>>

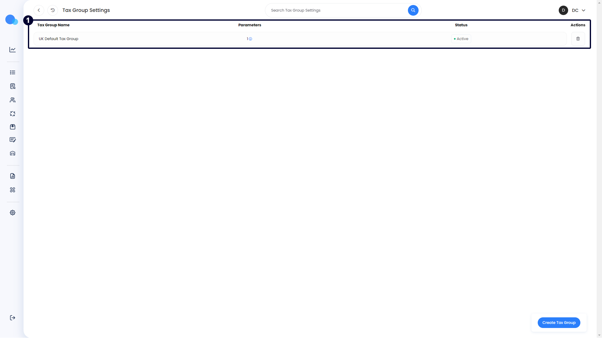 Create a Tax Group: Locate and click the "Create Tax Group" button at the bottom right of the screen.
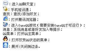 主界面左边是四个切换主面板的图标,从上到下依次是:QQ好友面板、腾讯服务面板、手机好友面板、企业QQ好友面板。另外在主界面下方还有一些功能按钮,具体使用方法如图6所示。
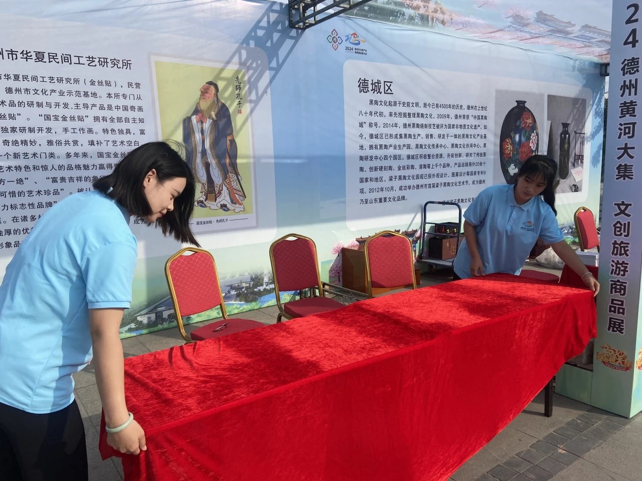 在旅游商品展暨黄河大集上,我校志愿者身着传统服饰,向游客和市民展示各种古玩及文创产品,并介绍它们的历史、文化和艺术价值。
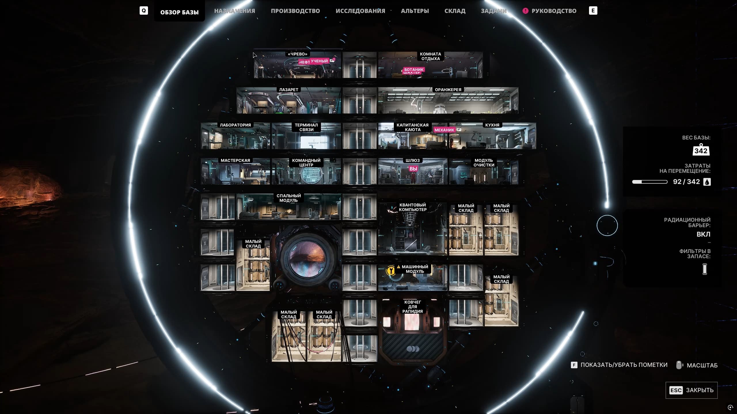 Мобильная база — это целый организм, где в традициях тетриса размещаются модули: от кухни и лазарета до оранжереи, спальни и даже комнаты отдыха. В последней есть экран, на котором устраиваются совместные просмотры странных комичных роликов — пародий на фильмы и рекламу.
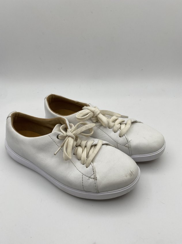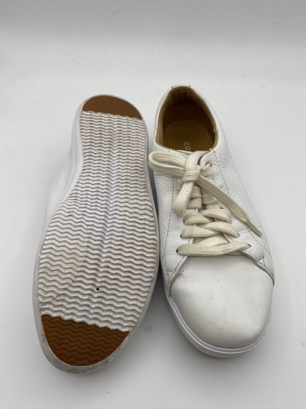 These Cole Haan women’s sneakers feature a smooth white leather upper with a classic low-top lace-up style. Designed for comfort and versatility, they work well for daily wear, walking, or casual outfits. The cushioned interior and flexible sole make them easy to wear throughout the day. A timeless sneaker that pairs effortlessly with jeans, dresses, or casual looks.
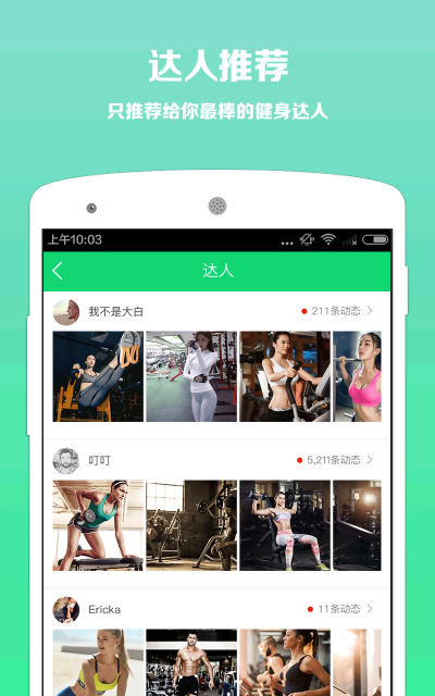 用户交流地,分享成果,健身打卡。这里是健身爱好者们的自留地,记录每一天的蜕变,记录每一点的成长,分享每一滴的进步,在这里,你不孤单,你有所有人。
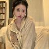 Pijama de otoño e invierno para mujer, felpa dulce, cárdigan, pantalones de manga larga, forro polar de coral, talla grande para chica gordita, ropa para el hogar
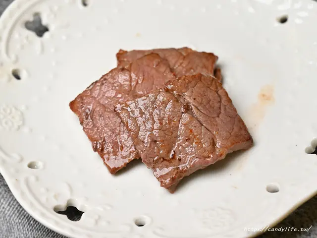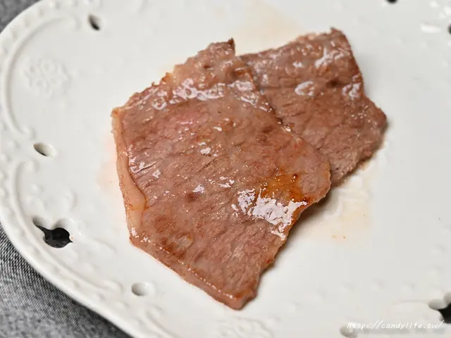 一樣有著美美的大理石紋油花,採厚切方式呈現,肉質紮實多汁,富有濃郁的牛肉香氣
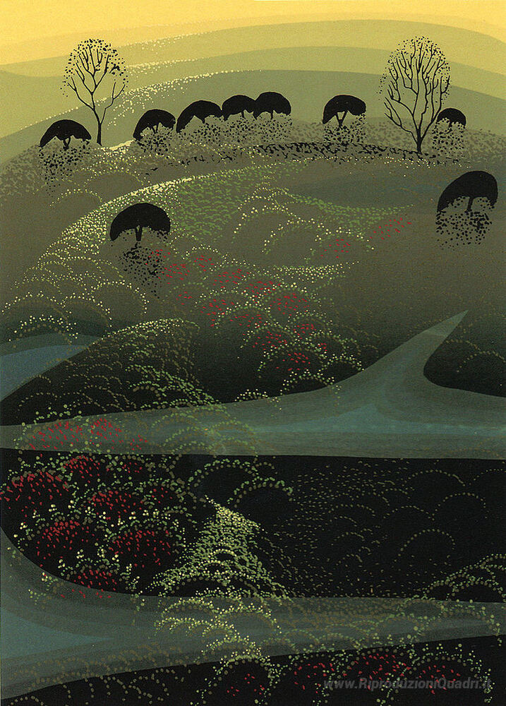 Ti offriamo una riproduzione artigianale su tela dell'opera famosa 'California Miniature' di Eyvind Earle, dal Museo delle Riproduzioni.
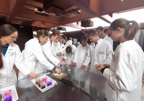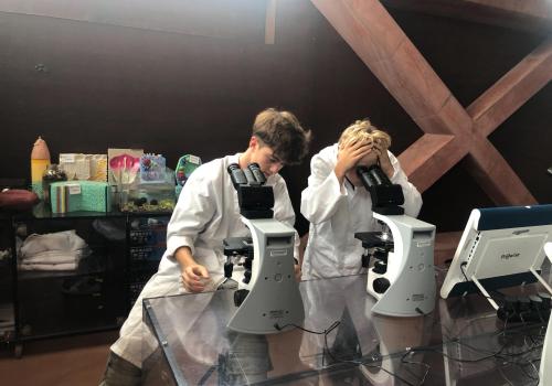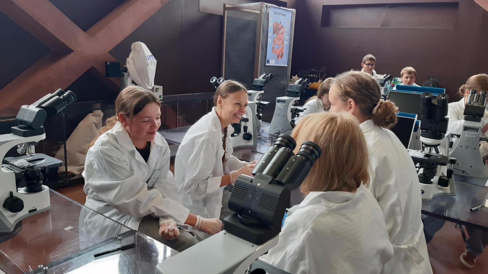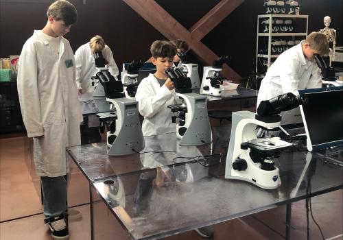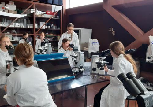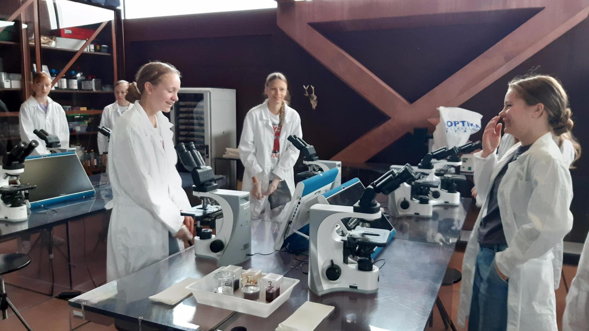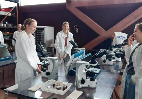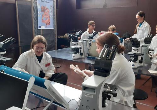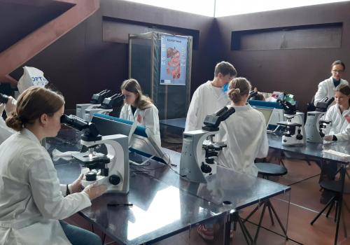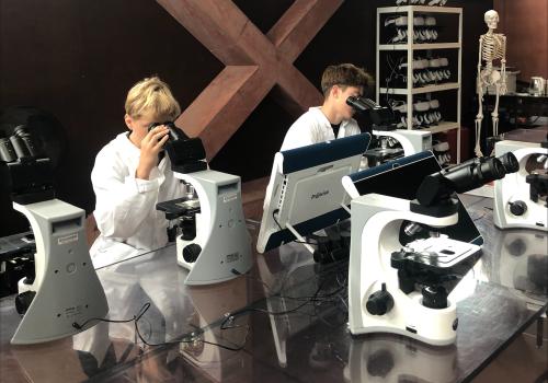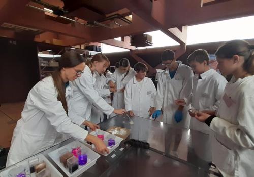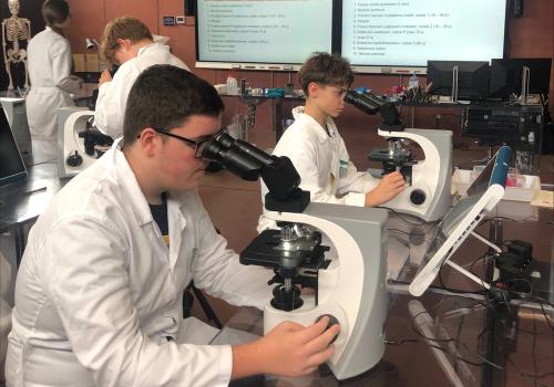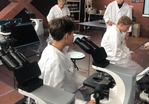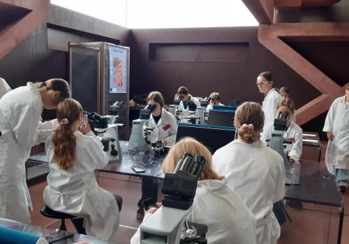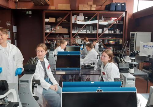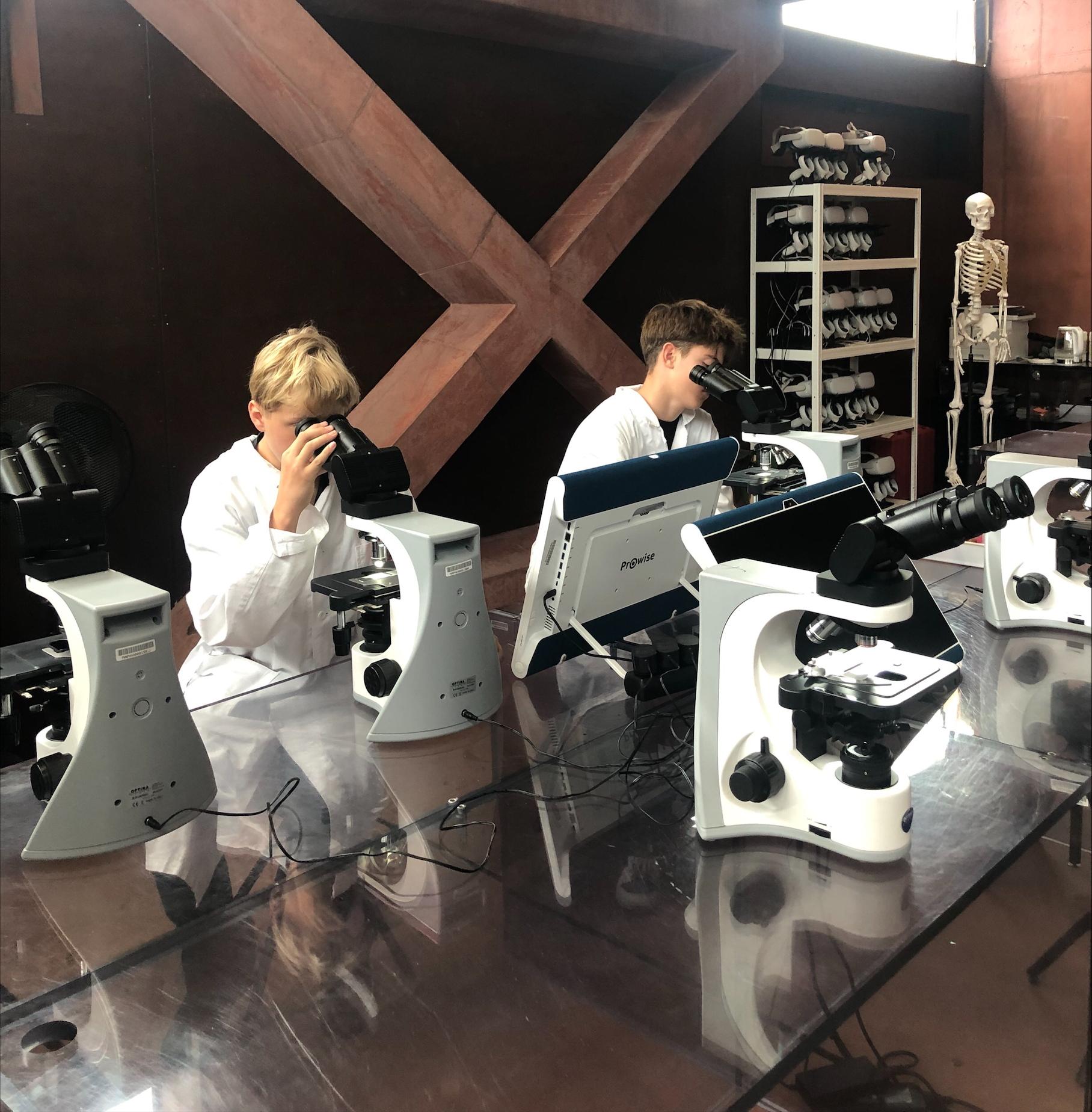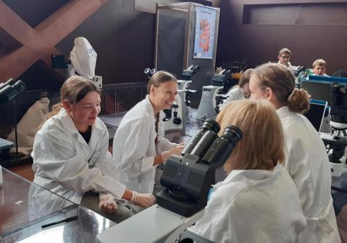 Druhý program byl zaměřený na přírodopis a jmenoval se Mikrosvět v puse. Dozvěděli jsme se, jak je důležitý mikrobiom, který máme ve střevech. Naše střeva jsou zoologická zahrada, kde žije až 1 kg bakterií. Některé bakterie jsou důležité (pomáhají tvořit vitamíny), jiné jsou škodlivé (vedou k nemocem). Naše strava ovlivňuje, které bakterie ve střevech budeme mít. Mikrobiom stimuluje imunitní systém a jeho nerovnováha vede k nemocem. Pomocí Gramova barvení jsme pod mikroskopem pozorovali obsah ústní dutiny. Dozvěděli jsme se, že koky jsou kolečka a bacily tyčinky, a že bakterie jsou větší než viry.
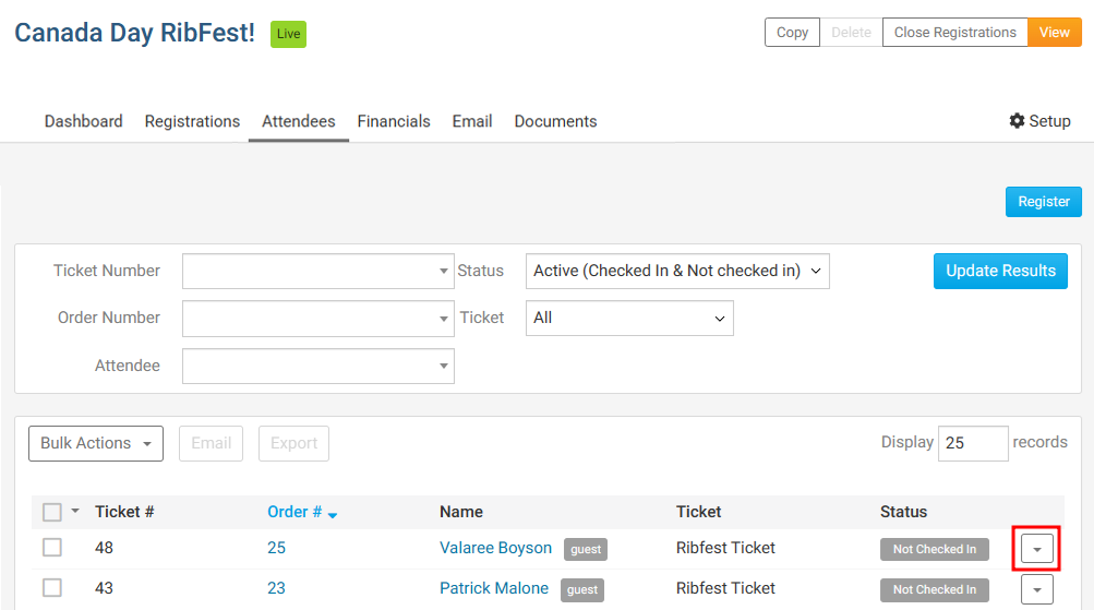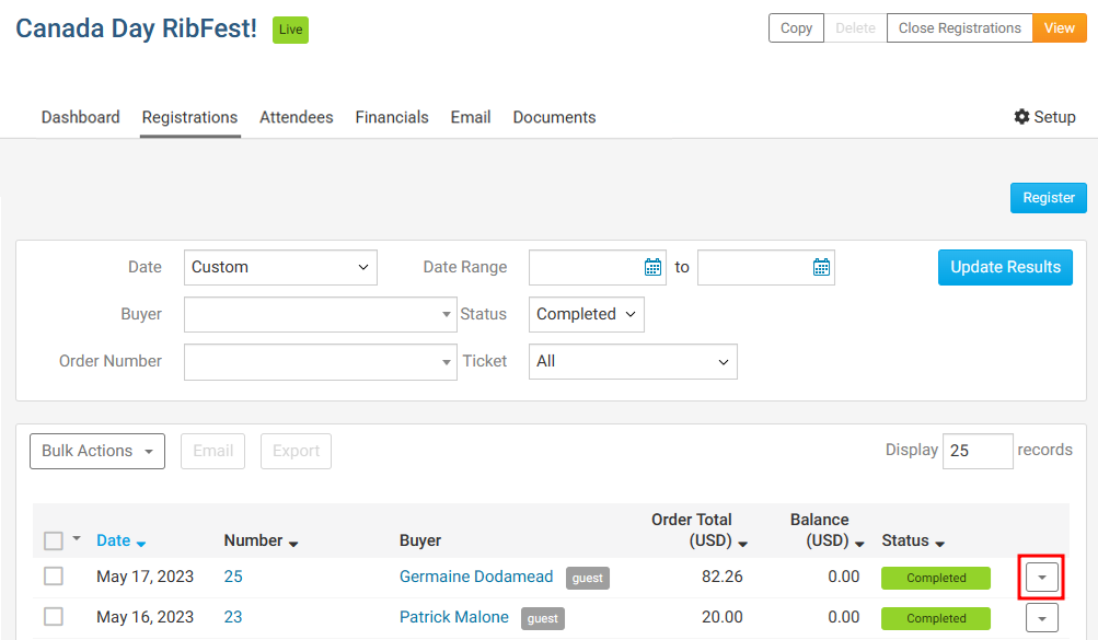 Email updated invoice after refund is processed - If enabled, an updated invoice of the registration order will be emailed to the ticket buyer.

<<

With the pictures excluded, restate the material exactly as it stands.

Exercise result:
 Create a Tax Group: Locate and click the "Create Tax Group" button at the bottom right of the screen.
 主界面左边是四个切换主面板的图标,从上到下依次是:QQ好友面板、腾讯服务面板、手机好友面板、企业QQ好友面板。另外在主界面下方还有一些功能按钮,具体使用方法如图6所示。
 在旅游商品展暨黄河大集上,我校志愿者身着传统服饰,向游客和市民展示各种古玩及文创产品,并介绍它们的历史、文化和艺术价值。
 Мобильная база — это целый организм, где в традициях тетриса размещаются модули: от кухни и лазарета до оранжереи, спальни и даже комнаты отдыха. В последней есть экран, на котором устраиваются совместные просмотры странных комичных роликов — пародий на фильмы и рекламу.
 These Cole Haan women’s sneakers feature a smooth white leather upper with a classic low-top lace-up style. Designed for comfort and versatility, they work well for daily wear, walking, or casual outfits. The cushioned interior and flexible sole make them easy to wear throughout the day. A timeless sneaker that pairs effortlessly with jeans, dresses, or casual looks.
 用户交流地,分享成果,健身打卡。这里是健身爱好者们的自留地,记录每一天的蜕变,记录每一点的成长,分享每一滴的进步,在这里,你不孤单,你有所有人。
 Pijama de otoño e invierno para mujer, felpa dulce, cárdigan, pantalones de manga larga, forro polar de coral, talla grande para chica gordita, ropa para el hogar
 一樣有著美美的大理石紋油花,採厚切方式呈現,肉質紮實多汁,富有濃郁的牛肉香氣
 Ti offriamo una riproduzione artigianale su tela dell'opera famosa 'California Miniature' di Eyvind Earle, dal Museo delle Riproduzioni.
 Druhý program byl zaměřený na přírodopis a jmenoval se Mikrosvět v puse. Dozvěděli jsme se, jak je důležitý mikrobiom, který máme ve střevech. Naše střeva jsou zoologická zahrada, kde žije až 1 kg bakterií. Některé bakterie jsou důležité (pomáhají tvořit vitamíny), jiné jsou škodlivé (vedou k nemocem). Naše strava ovlivňuje, které bakterie ve střevech budeme mít. Mikrobiom stimuluje imunitní systém a jeho nerovnováha vede k nemocem. Pomocí Gramova barvení jsme pod mikroskopem pozorovali obsah ústní dutiny. Dozvěděli jsme se, že koky jsou kolečka a bacily tyčinky, a že bakterie jsou větší než viry.
 Email updated invoice after refund is processed - If enabled, an updated invoice of the registration order will be emailed to the ticket buyer.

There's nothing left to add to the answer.